GWAVA, Genome Wide Annotation of VAriants, is a tool aiming to predict the functional impact of non-coding genetic variants. It consists of two parts:

  1. a procedure of variant annotation
  2. a random-forest classifier using variant annotations to predict functional variants vs non-functional ones

GWAVA was published in 2014. As you can see from the README from its FTP site, it depends on some older versions of libs:

  • numpy==1.7.0
  • scipy==0.11.0
  • pandas==0.12.0
  • scikit-learn==0.14.1
  • pybedtools==0.6.4
  • tabix (0.2.5)

The source code can be found in the src folder on its FTP, or in the Supplementary Information section on its Nature Methods page.
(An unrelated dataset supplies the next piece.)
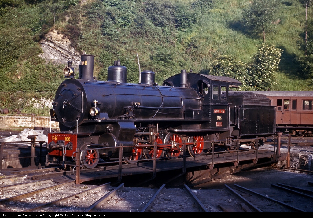 Another exiled Swiss locomotive, former RhB 2-8-0 No 106 'Manuel Oraa' is seen on the La Robla railway turntable at Valmaseda. The metre gauge La Robla purchased seven of these engines keeping their original RhB numbers. Four of them, Nos 102, 104-106 were two cylinder compounds and the other three, Nos 109-111 were simples. Nos 107 & 108 remain with the RhB and are well known for their steam excursions on that line. Two others, Nos 101 and 103 went to Brazil while Nos 112-129 went to the Royal Thai State Railway where No 123 still survives as a museum piece. The 29 engines were all built by SLM Winterthur in 1904-15.

Of course, it’s better to establish an virtualenv specially to run GWAVA code. The project folder structure is like:

  • {PROJECT}
    • src (download fom FTP)
    • annotated (Ditto)
    • paper_data (Ditto)
    • source_data (Ditto. Caution: >22G; plan ahead.)
    • training_sets (Ditto)
    • tmp (just mkdir a new folder; it’s required but won’t be created automatically by GWAVA)

Issue 1: numpy compatibility

My current python2 version, 2.7.12, is not compatible with such an old numpy, so I just installed the newest numpy==1.11.1.

Issue 2: tabix installation

You can go with apt install tabix and probably get tabix (1.2.1-2ubuntu1).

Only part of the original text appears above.